All of the google searches, Facebook group posts, and Instagram highlights all said the same few things. ‘Add more flour. Chill your dough in the freezer. Add corn starch. Take away baking powder. Don’t over cream your butter.’

Some of those things do keep the dough from spreading, but I wanted to know why dough spreads and how the ingredients themselves affect spread through baking science.

I took an online class with a pro, bought some books, and did some testing on the recipe I had been developing for over a year.

Buckle up, and get ready to save this post to your browser reading list.


Disclaimer: I understand that everyone has a different opinion of what a good sugar cookie is like. If you love your recipe and don’t want to change anything, don’t! If things are working great for you, and you do things differently than this post, there is absolutely nothing wrong with that. ❤️


Why ‘No Spread’ Can Be Overrated

Let’s talk about spread. Is it really all that bad? And why do recipes work so hard to prevent it at all costs? (Including *sometimes* sacrificing texture and flavor?)

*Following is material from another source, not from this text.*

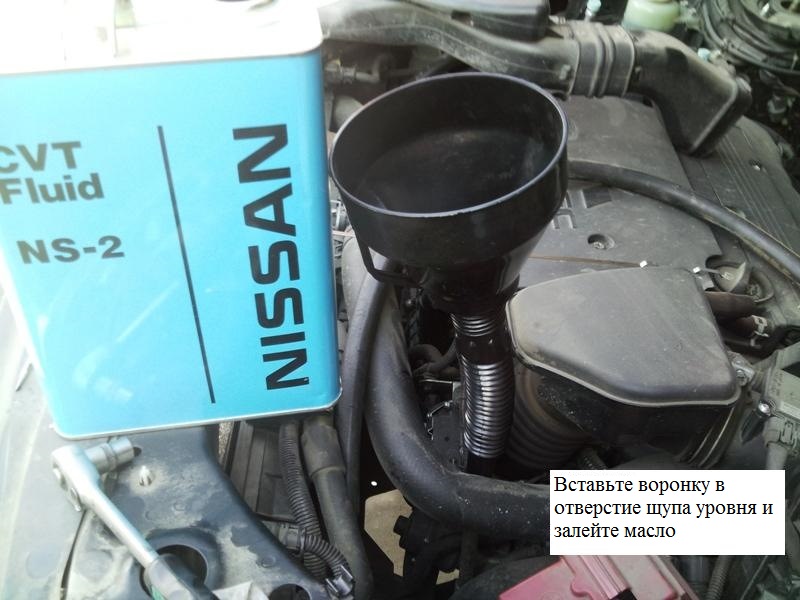 7. Залейте новую рабочую жидкость в вариатор через направляющую трубку щупа уровня рабочей жидкости (на фото жидкость NS-2, иногда пользователи используют его вместо оригинального).
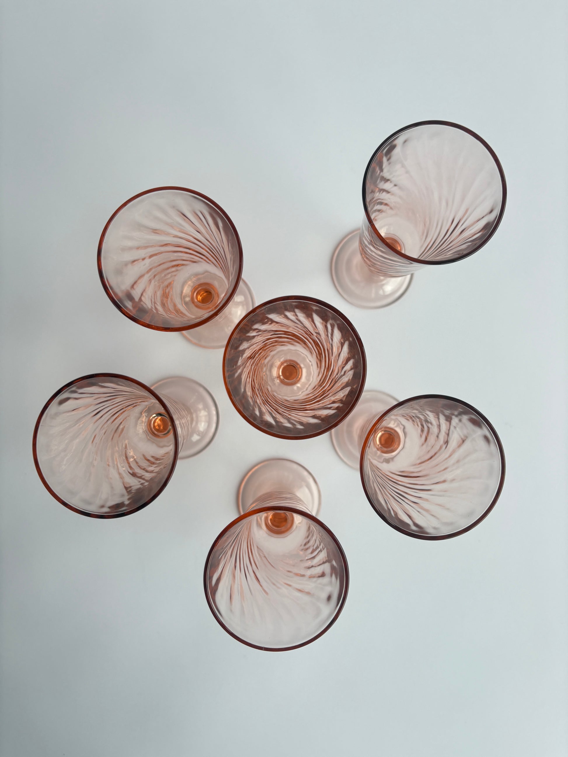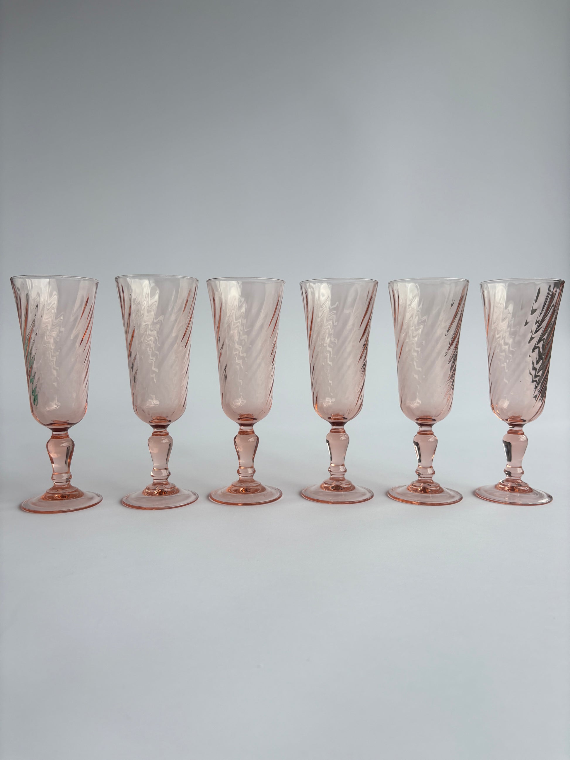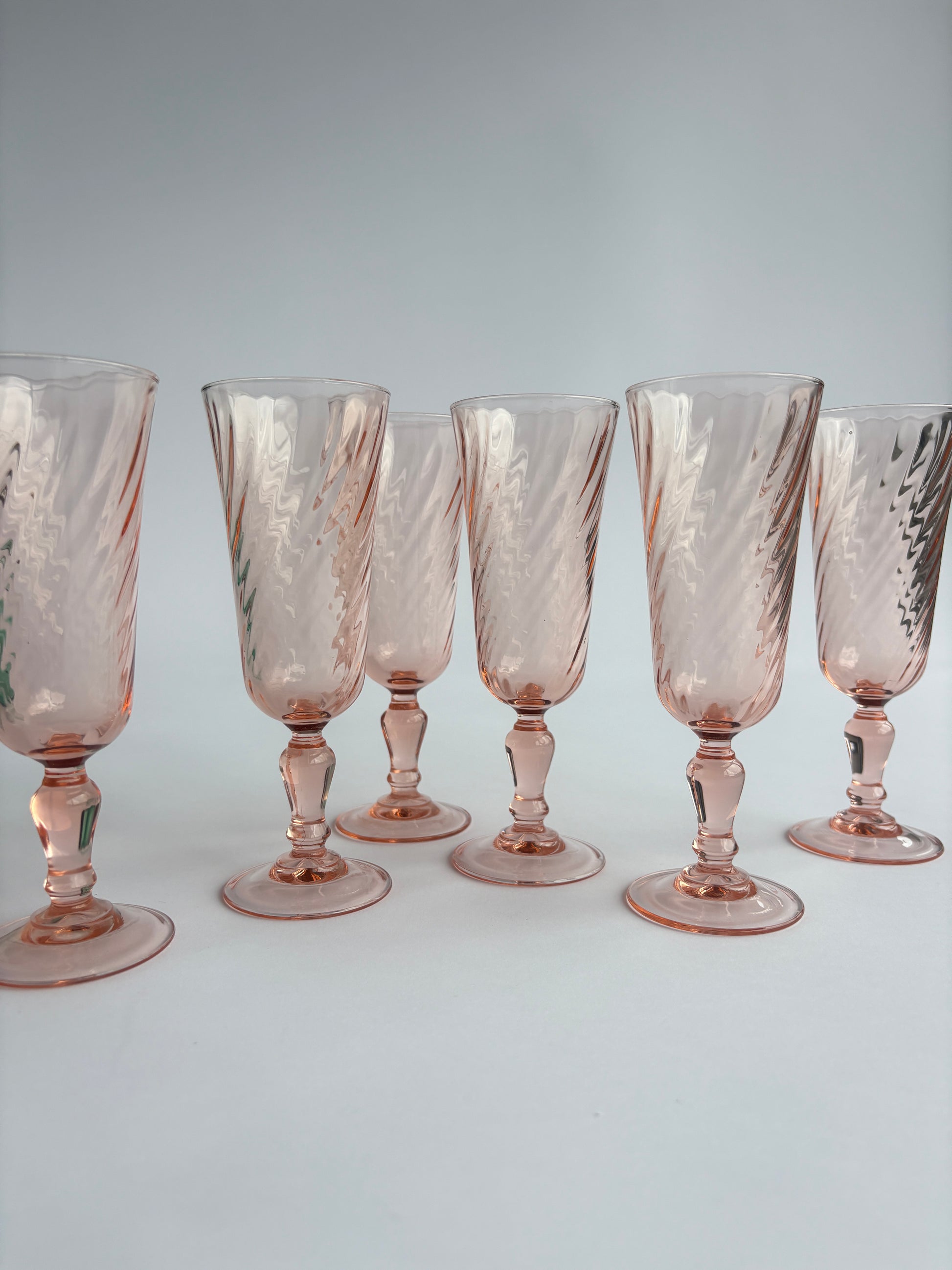 Retro French elegance in soft pink. These vintage Luminarc Rosaline champagne coupes from the 1960s–1980s feature a delicate swirl at the top, adding depth and character. Perfect for serving champagne or sparkling wine with a subtle, stylish pop of color.

The obvious reason that a no spread cookie recipe is so desirable is because you want the shape you cut the dough to be the shape you decorate. BUT spread is literally what a cookie is supposed to do in the baking process. It is natural, and a cookie that doesn’t spread at all may be a bit off on ratios. Focusing your recipe only on no spread can cause a cookie to be bland, dry, and tough.

However, there are some tips and tricks you can do using baking science to keep that spread to a minimum, keep the cookie shape, and have nice crisp edges without sacrificing texture and taste.

The key is having a balance between ‘no spread’ and the other important elements of a cookie- texture and flavor.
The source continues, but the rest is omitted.